Digital transformation has created an increased need for training content that can be produced quickly and shared across channels. New information is developed on a daily basis and most knowledge needs to be shared fast, as it could become irrelevant quickly. But not at the expense of quality.
While books must be rewritten, reprinted and redistributed, online learning materials can be updated with the click of a mouse and can be changed as necessary over time. MOOCs readily meet the challenges of a constantly evolving landscape by distributing the most up to date content in ways that are easily understood. In order for businesses to ensure their staff is up to date, and in order for employees to remain productive, both must work to ensure up-to-date-training materials are readily available and are of high enough quality to be truly useful.
Advancements in technology provide tremendous educational opportunity, but they are not without their challenges.
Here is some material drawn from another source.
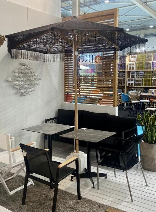 Ομπρέλα με μαύρο Macrame και σκελετό από ξύλο Teak. Μια ομπρέλα με μαύρο μακραμέ, είναι ένα εντυπωσιακό και στυλάτο κομμάτι, που συνδυάζει την ανθεκτικότητα και την κομψότητα του ξύλου με την ιδιαίτερη αισθητική του χειροποίητου μακραμέ. Αυτός ο συνδυασμός είναι ιδανικός για να δημιουργήσει μια πολυτελή, μποέμ ατμόσφαιρα σε εξωτερικούς χώρους. Ο σκελετός από ξύλο Teak προσφέρει μεγάλη αντοχή στον χρόνο και στις καιρικές συνθήκες. Το σκίαστρο από μαύρο μακραμέ, συνήθως από βαμβακερό σχοινί, δημιουργεί ένα μοναδικό οπτικό αποτέλεσμα. Η μαύρη απόχρωση δίνει έναν πιο σύγχρονο και κομψό τόνο, σε αντίθεση με τα πιο συνηθισμένα, ανοιχτόχρωμα μακραμέ. Το μαύρο μακραμέ σε συνδυασμό με το φυσικό ξύλο Teak δημιουργεί μια ενδιαφέρουσα αντίθεση, κατάλληλη για πιο ιδιαίτερες διακοσμήσεις. Μπορεί να ενταχθεί σε στυλ διακόσμησης όπως το Boho Chic, το Tropical, ακόμα και σε πιο Minimal περιβάλλοντα, όπου θα λειτουργήσει ως statement κομμάτι. Είναι ιδανική για κήπους, βεράντες, πισίνες, παραλίες, αλλά και για επαγγελματικούς χώρους, όπως beach bars ή ξενοδοχεία.

As the digital landscape continually shifts, online education has the potential to aid businesses and employees looking to stay up-to-date on trends and ahead of the digital skills curve. MOOCs are sure to serve as a helpful resource to employees interested in growing and changing, but in order for them to be as effective as possible learners and teachers will have to ensure easy access of information, and high quality up-to-date content.
Bernd Welz, Ph.D., is EVP and Head of Scale, Enablement & Transformation SAP SE.